- Born: August 8, 1928
- Died: June 8, 2002 (aged 73)
- Education: Occidental College (BSc) University of Washington (PhD)
- Awards: N.L. Bowen award (1985) Thorarinsson Medal (1997)
- Scientific career
- Workplaces: University of California, Santa Barbara

= Richard Virgil Fisher =

American volcanologist (1928–2002)

Richard Virgil Fisher (August 8, 1928 – June 8, 2002), also known as R.V., was an American volcanologist and Professor of Geology at University of California, Santa Barbara.

==Early life==
Fisher was born in Whittier, California in 1928. He left High School to join the US Army in 1946, and was assigned to the Los Alamos National Laboratory, New Mexico, but then volunteered for duty at Bikini Atoll, in the Pacific. He was present onboard USS Haven for the first two nuclear tests at Bikini atoll: Able, on 1 July, 1946, which was an air blast; and Baker, on 25 July 1946, which was a submarine detonation.

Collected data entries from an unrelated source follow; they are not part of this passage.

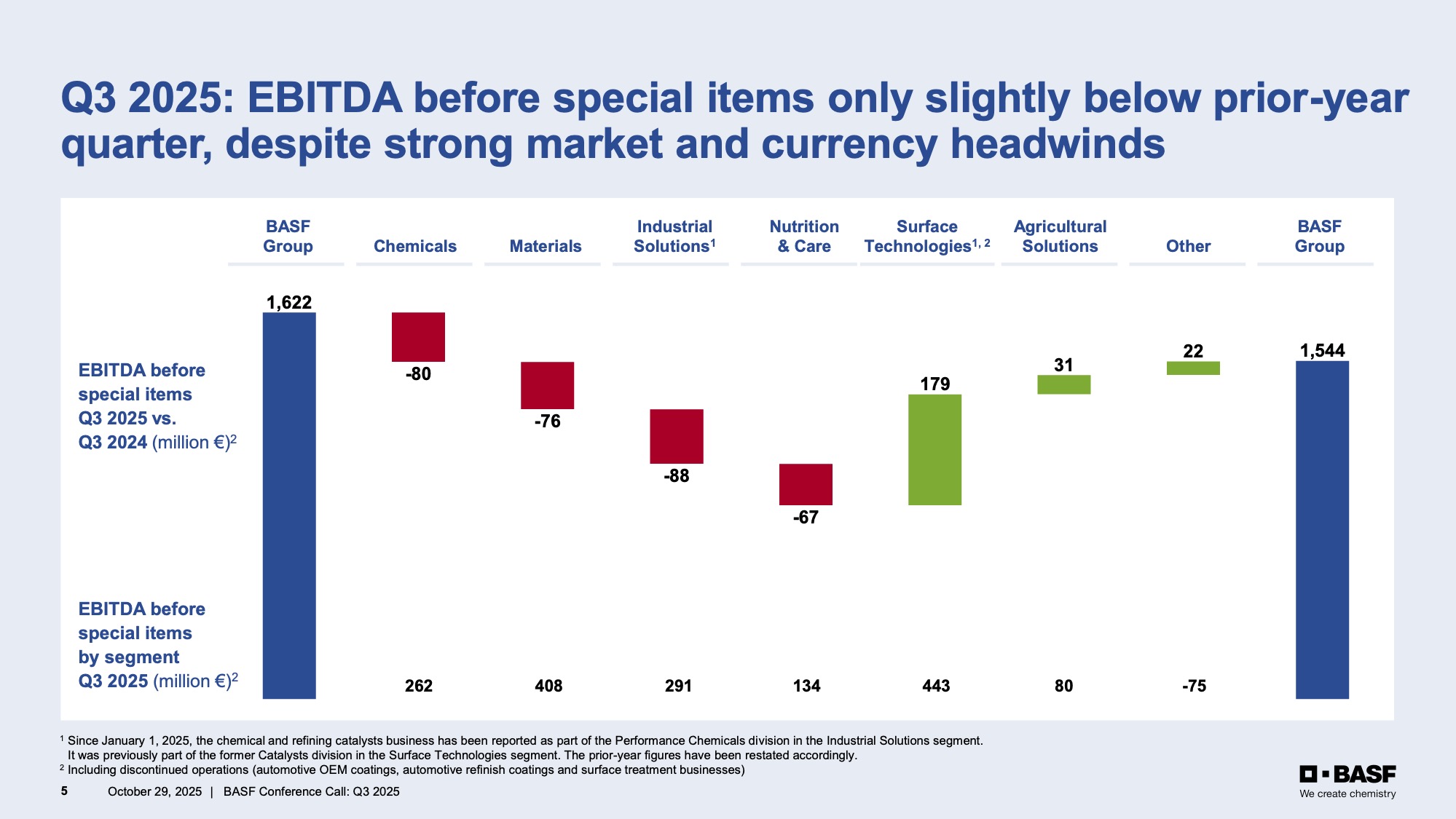 O EBITDA antes de itens especiais somou € 1,4 bilhão, ligeiramente abaixo dos € 1,5 bilhões registrados no terceiro trimestre de 2024. A margem EBITDA manteve-se em 10%, igual à do ano anterior. A queda no lucro operacional reflete desempenho mais fraco nos segmentos de Soluções Industriais, Químicos, Materiais e Nutrição & Cuidados. Já os segmentos de Tecnologias de Superfície e Soluções Agrícolas registraram aumentos expressivos na lucratividade.
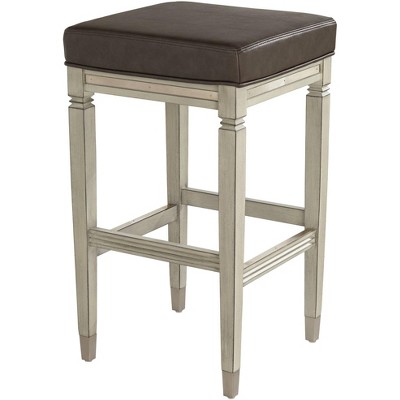 55 Downing Street Jaxon Wood Bar Stool Gunpowder 31" High Farmhouse Rustic Vintage Gray Faux Leather Footrest for Kitchen Counter Height Island
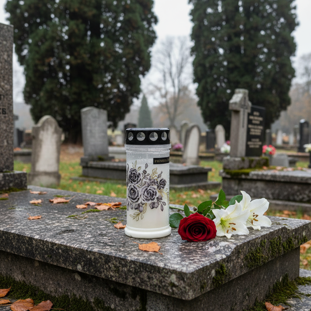 Edle Grabkerzen mit Blumenmotiv – ein Symbol der Erinnerung
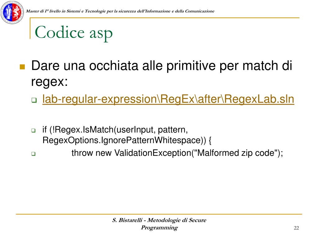 Codice asp • Dare una occhiata alle primitive per match di regex: • lab-regular-expression\RegEx\after\RegexLab.sln • if (!Regex.IsMatch(userInput, pattern, RegexOptions.IgnorePatternWhitespace)) { • throw new ValidationException("Malformed zip code"); S. Bistarelli - Metodologie di Secure Programming
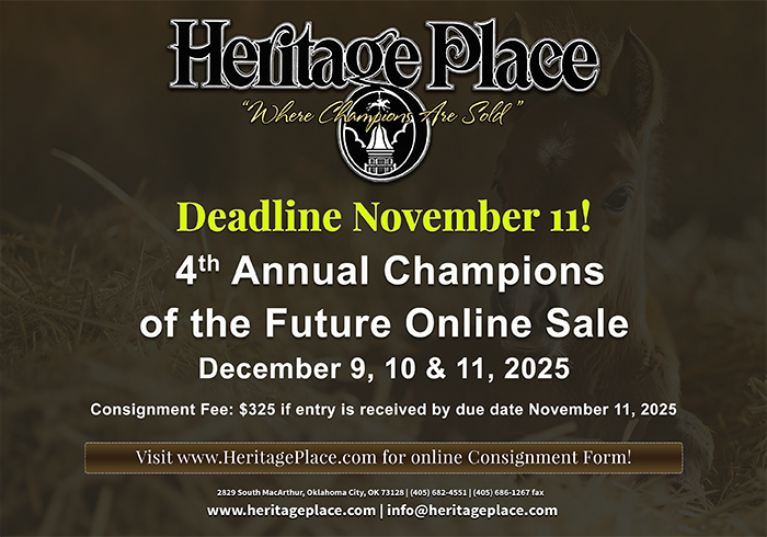 - Consignment Deadline Announced for Heritage Place Champions of the Future Foal in Utero Online Sale
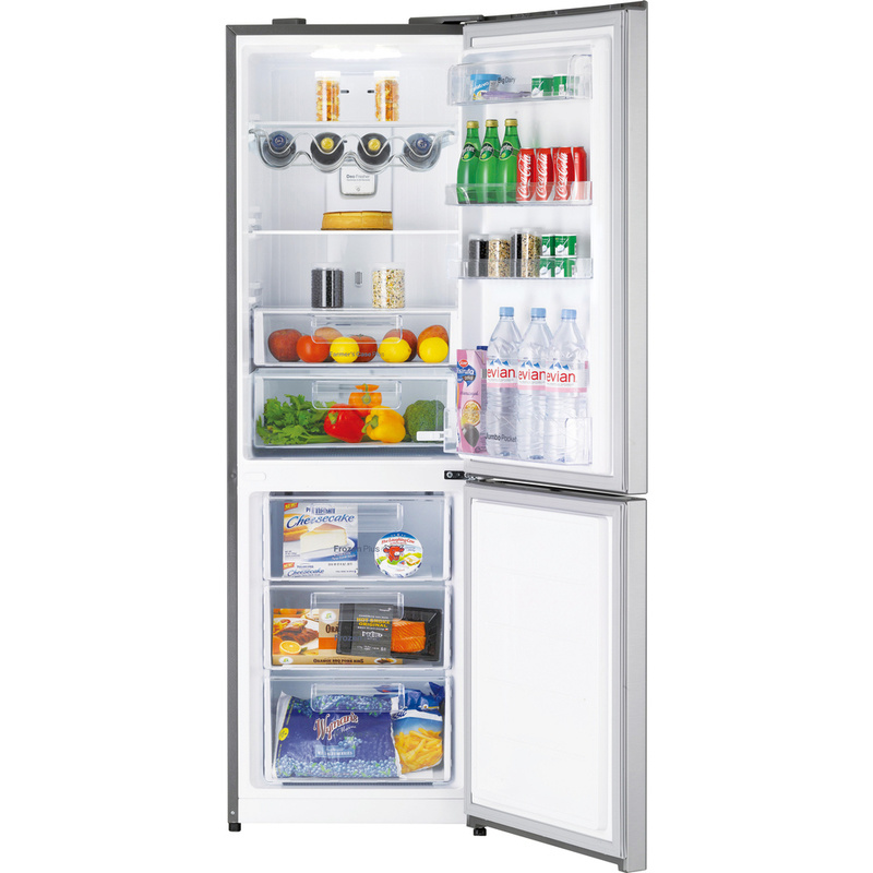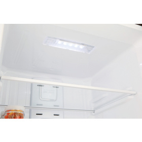 Kombinovaná beznámrazová chladnička Daewoo s cirkulací vzduchu Multi Air Flow, vnitřním LED osvětlením a zásuvkou na ovoce a zeleninu. Energetická třída A++, mrazící kapacita 4 kilogramy za 24 hodin a celkový objem 305 litrů.

His observations of nuclear-test explosions provided him with insights that he would later use for interpreting the processes and products of explosive volcanic eruptions, particularly those involving interactions with water.

==Education==
After leaving the army, Fisher began his university studies at Occidental College in 1948. He was a beneficiary of the G I Bill, which provided educational benefits to army veterans. He entered as a music major, but switched to geology after a term, and graduated in 1952 with a B.S. in geology. He went straight on to graduate work at the University of Washington in Seattle, and in 1957 completed a Ph.D. on the Oligocene volcanic and sedimentary strata southwest of Mount Rainier. Fisher's work on these rocks led to a series of published papers on the definition, classification and interpretations of volcanic breccia, which still provide the foundation for research in this area.

==Career==
In 1955, Fisher took up a faculty position in geology at the new Santa Barbara campus of the University of California. He remained there for his whole career, where he taught generations of undergraduate students, and advised many graduate students and post-doctoral researchers in volcanology. During his tenure, Fisher was chair of the Department of Geological Sciences three times (1969-73, 1979-80, and 1983-84). He was also assistant to the chancellor for Academic Planning (1972-73). Fisher retired in December 1992.

==Research==
Over the course of his career, Fisher made many original contributions to the field of pyroclastic geology, and volcanism. In his early work on maar volcanoes, and the nature of hydrovolcanic eruptions, Fisher proposed that the interaction of hot magma with surface water would form a violent, expanding ash cloud that he called a ‘base surge’; analogous to features he had witnessed during the nuclear explosions at Bikini Atoll. This led to a considerable body of work around the world, on the transport and deposition of pyroclastic rocks from density currents (PDCs). Fisher published many papers through his career. He also published four books. The first was Pyroclastic Rocks, co-authored with Hans-Ulrich Schmincke and published in 1984. In 1991, Fisher and Allen published Sedimentation in Volcanic Settings. His third book, Volcanoes - Crucibles of Change was a trade book, published in 1997 and was followed in 1999 by his autobiography Out of the Crater - Chronicles of a Volcanologist.

==Recognition==
Fisher’s research contributions were recognised during his life with a number of awards and prizes, including two Senior Scientist Awards (1980-81, 1988-89) from the Alexander von Humboldt Foundation; the N.L. Bowen Award of the American Geophysical Union in 1985, and the Thorarinsson Medal of IAVCEI in 1997.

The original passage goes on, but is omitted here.